● **Information provided**:
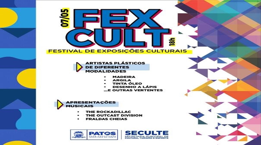 A Concha Acústica Nilson Batista, localizada na praça Edvaldo Mota, no centro de Patos, será palco do Fexcult – Festival de Exposições Culturais. O evento acontecerá neste sábado, dia 07 de maio, a partir das 18h, e terá apoio da Prefeitura de Patos, por meio da Secretaria de Cultura.
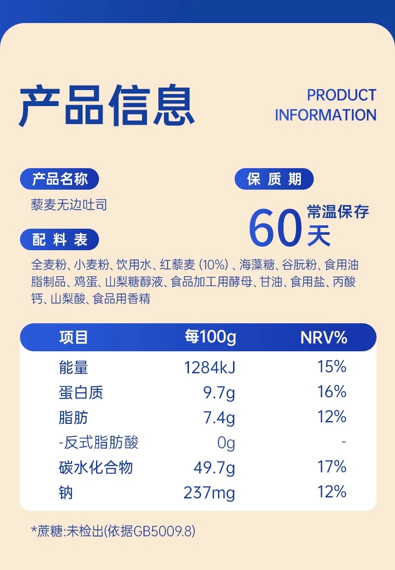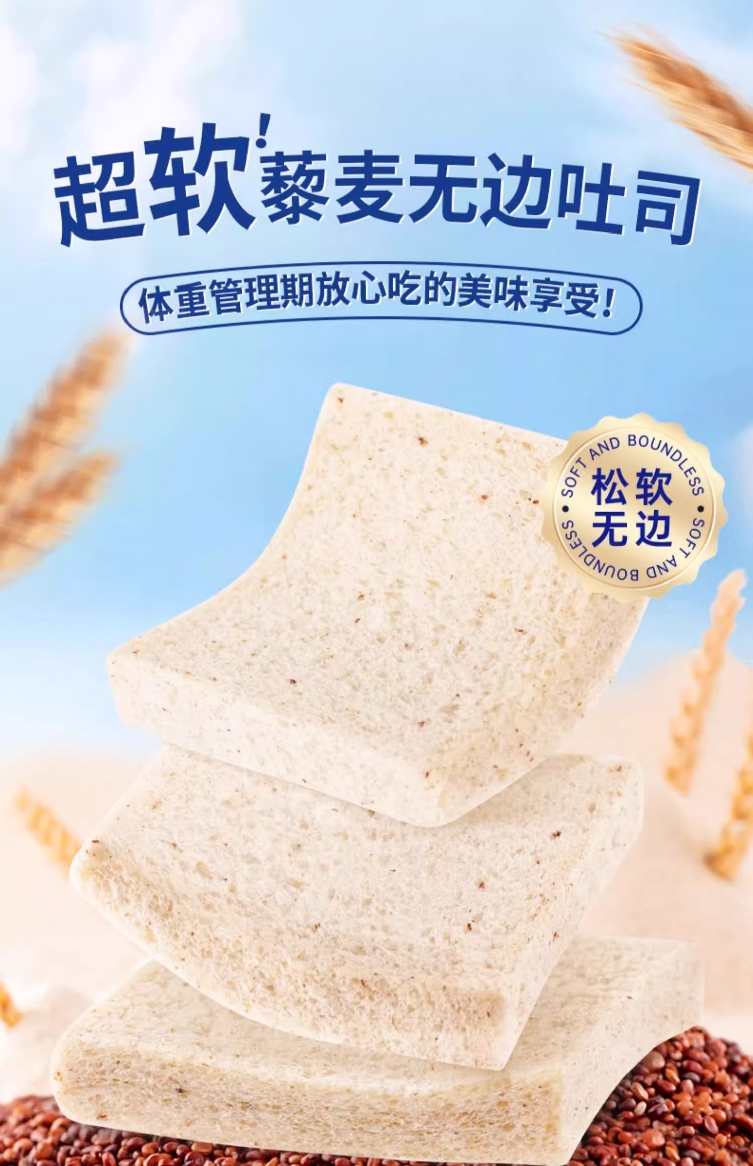七年五季全麦藜麦无边吐司 /健身代餐饱腹零食 超软的无边吐司
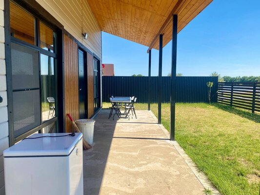 Панорамные окна обеспечивают потрясающие виды на реку и благоустроенный внутренний дворик. Ночью из окон домика можно любоваться бескрайним звездным небом.
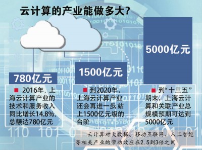根据上海不久前发布的“云海计划3.0”,今后两年内,云计算将成为上海又一个千亿元级规模的新兴产业;而到2020年,该产业还会再进一步,站上1500亿元级的台阶。此外,由于云计算对大数据、移动互联网、人工智能等相关产业的带动效应在2.5到3倍之间,到“十三五”期末,上海云计算和关联产业总规模预期可达5000亿元。届时,云计算产业势必将成为促进传统产业改造、支撑现代服务业发展的核心产业。

● **Exercise aim**:
Each line above is to be transcribed exactly, though its pictures are not.

● **Response**:
 A Concha Acústica Nilson Batista, localizada na praça Edvaldo Mota, no centro de Patos, será palco do Fexcult – Festival de Exposições Culturais. O evento acontecerá neste sábado, dia 07 de maio, a partir das 18h, e terá apoio da Prefeitura de Patos, por meio da Secretaria de Cultura.
七年五季全麦藜麦无边吐司 /健身代餐饱腹零食 超软的无边吐司
 Панорамные окна обеспечивают потрясающие виды на реку и благоустроенный внутренний дворик. Ночью из окон домика можно любоваться бескрайним звездным небом.
根据上海不久前发布的“云海计划3.0”,今后两年内,云计算将成为上海又一个千亿元级规模的新兴产业;而到2020年,该产业还会再进一步,站上1500亿元级的台阶。此外,由于云计算对大数据、移动互联网、人工智能等相关产业的带动效应在2.5到3倍之间,到“十三五”期末,上海云计算和关联产业总规模预期可达5000亿元。届时,云计算产业势必将成为促进传统产业改造、支撑现代服务业发展的核心产业。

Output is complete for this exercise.